Beatas Eva da Providência Noriszewska, médica e religiosa e Maria Marta de Jesus Wolowska, religiosa, Virgens e Mártires - 19 de dezembro

Bogumila Noiszewska nasceu em 1885 em Osaniszki, Lituânia, dentro de uma família polaca. Passou sua infância e primeira adolescência em Duneburg e Tula. Terminou o bacharel, estudou medicina, na qual chegou a doutorar-se, e na Primeira Guerra Mundial trabalhou nos hospitais militares com grande entrega e dedicação, aproveitando seu contato com os feridos para aproximá-los de Deus e infundi-los sentimentos religiosos.

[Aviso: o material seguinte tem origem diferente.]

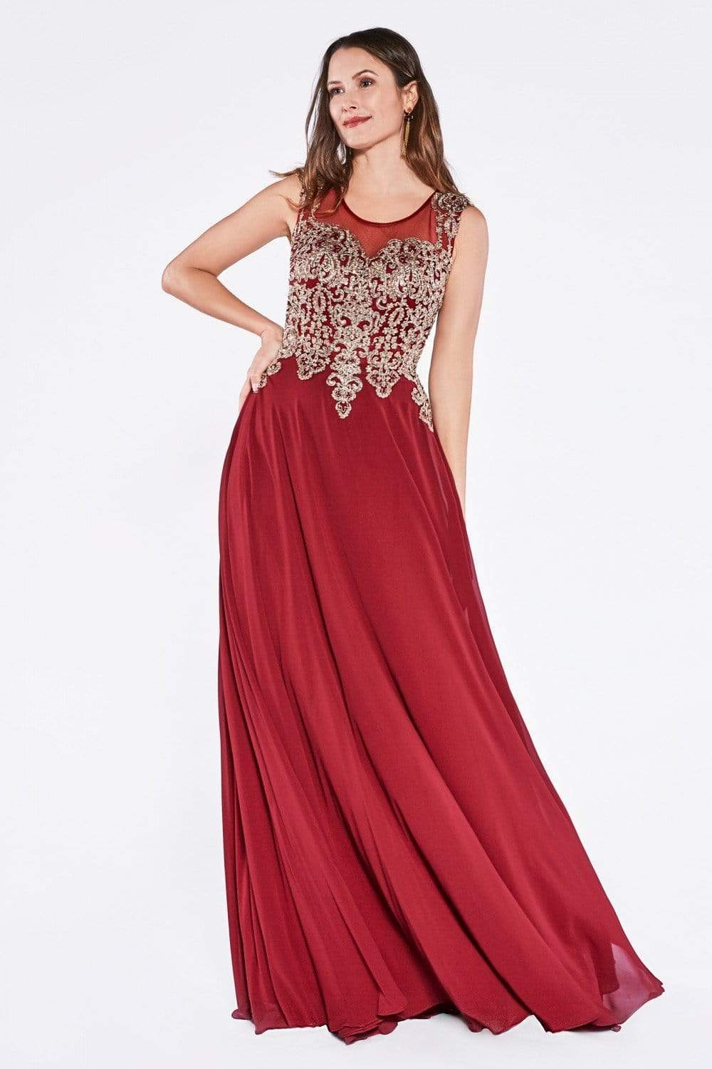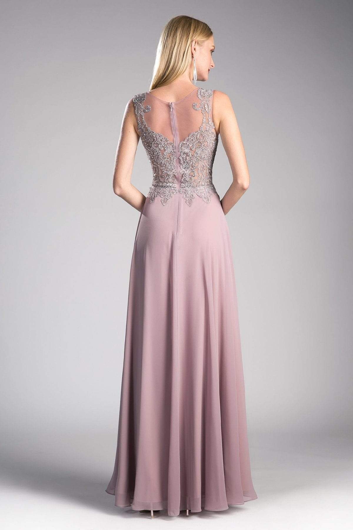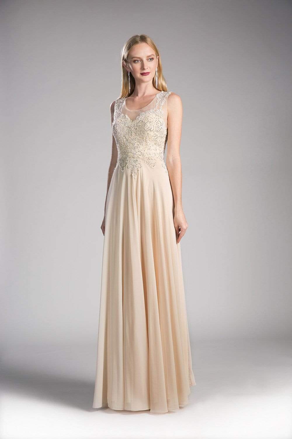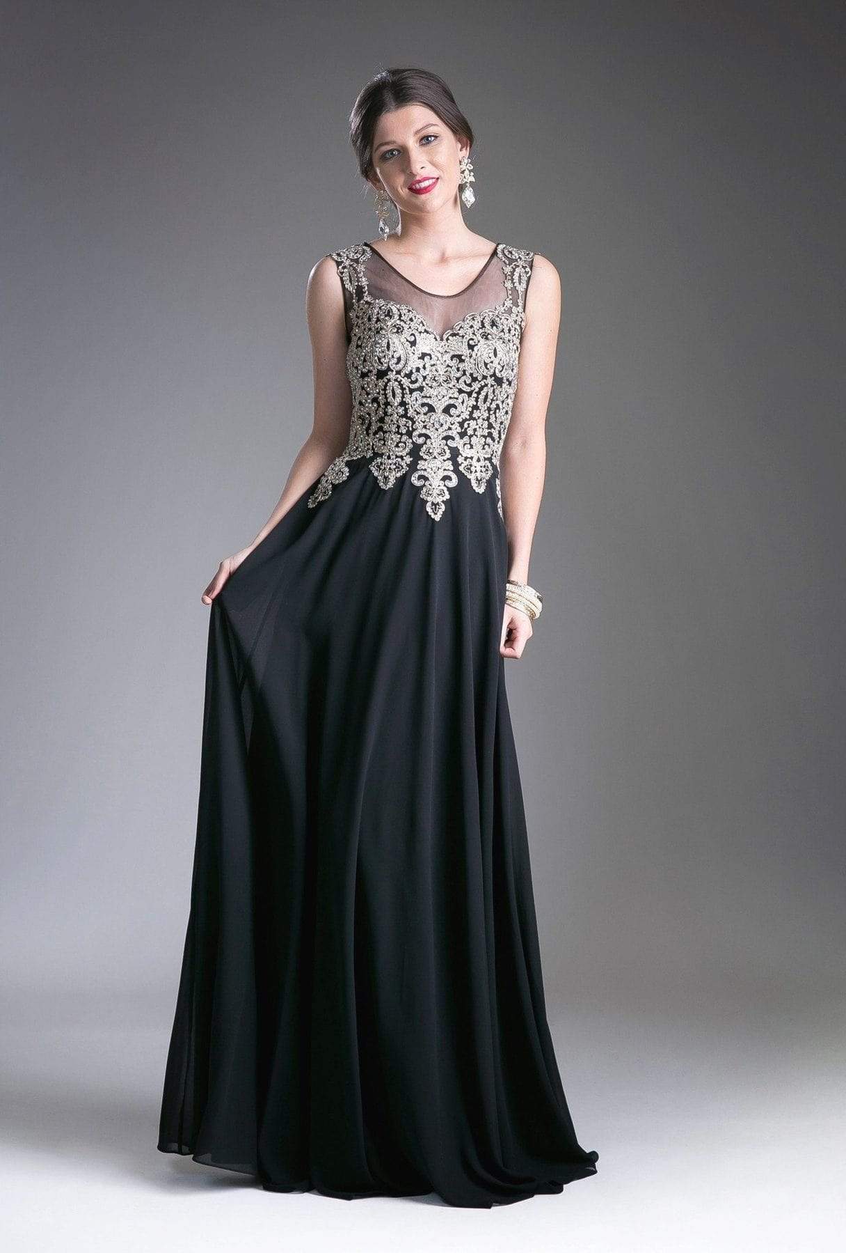 Look angelic and pristine as you grace your black-tie event in this classy Cinderella Divine 2635 creation. Flaunting a jewel-detailed metallic lace applique on a sheer bodice, this darling shows off an illusion scoop over a tonal sweetheart neckline. Festooned twinkling gilded adornments trailing down the illusion back and just below the waist, the cascading chiffon skirt flutters to create a full-length A-line silhouette. Look divine and enticing as you stun the crowd in this Cinderella Divine masterpiece.

Confiou a direção da sua alma ao servo de Deus Segismundo Lozinski, mais tarde bispo de Pinks. A ele confiou o seu desejo de se tornar religiosa, mas só em 1919 pôde realizar o seu anseio entrando na Congregação das Irmãs da Imaculada Conceição da Bem-aventurada Virgem Maria, fundada pela Beata Marcelina Darowska. Em 12 de maio de 1920 recebeu o hábito religioso e tomou o nome de irmã Maria Eva da Providência. Em 12 de maio de 1921 emitiu a profissão temporária e em 16 de julho de 1927, a profissão perpétua.

Um dos seus destinos foi o da casa de Jazlowiek onde ela foi educadora, médica dos alunos e diretora do Seminário Econômico (1930-1936). Em 1938, ela foi colocada na casa de Slonim. Chegada a II Guerra Mundial, a cidade foi tomada primeiro pelos bolcheviques e depois pelos nazis, mas ela não alterou sua entrega e dedicação à caridade e ao apostolado, trabalhando no hospital e hospedando na casa os perseguidos judeus.


Casimira Wolowska nasceu em Lublin em 1879. Ingressou em novembro de 1900 na Congregação das Irmãs da Imaculada Conceição da Bem-aventurada Virgem Maria, e começou o noviciado em 30 de junho de 1901, com o nome de Irmã Maria Marta de Jesus. Fez a primeira profissão em 8 de dezembro de 1902 e os votos perpétuos em 3 de julho de 1909. Religiosa dedicada e de boas qualidades, ainda era jovem quando foi nomeada superior de várias casas sucessivamente.

Em 1919, organizou o orfanato de Maciejów para crianças polonesas, ucranianas e russas provenientes da Sibéria e abriu para eles uma escola de instrução geral e profissional e também uma escola pedagógica. Muito inteligente e preparada, procurava boas relações com ortodoxos e judeus. Em agosto de 1939 foi nomeada superiora da casa de Slonim e poucos dias eclodiu a Segunda Guerra Mundial. Tomada a cidade sucessivamente por bolcheviques e nazis, ela tentou organizar o melhor que pôde a ajuda a todos: prisioneiros, perseguidos, famintos, etc. Foi-lhe dito que estava sendo vigiada e que estava em uma lista muito perigosa. Ele podia fugir, mas preferiu ficar no seu posto.

Essas duas religiosas foram presas na noite de 18 para 19 de dezembro de 1942 na cidade de Slonim, onde sua congregação tinha uma casa, e pela manhã foram levadas para as proximidades da cidade, para a colina chamada Góra Pietralewicka, onde foram fuziladas em ódio à fé.

Foram beatificadas em 13 de junho de 1999, juntamente com outros 106 mártires poloneses pelo Papa São João Paulo II.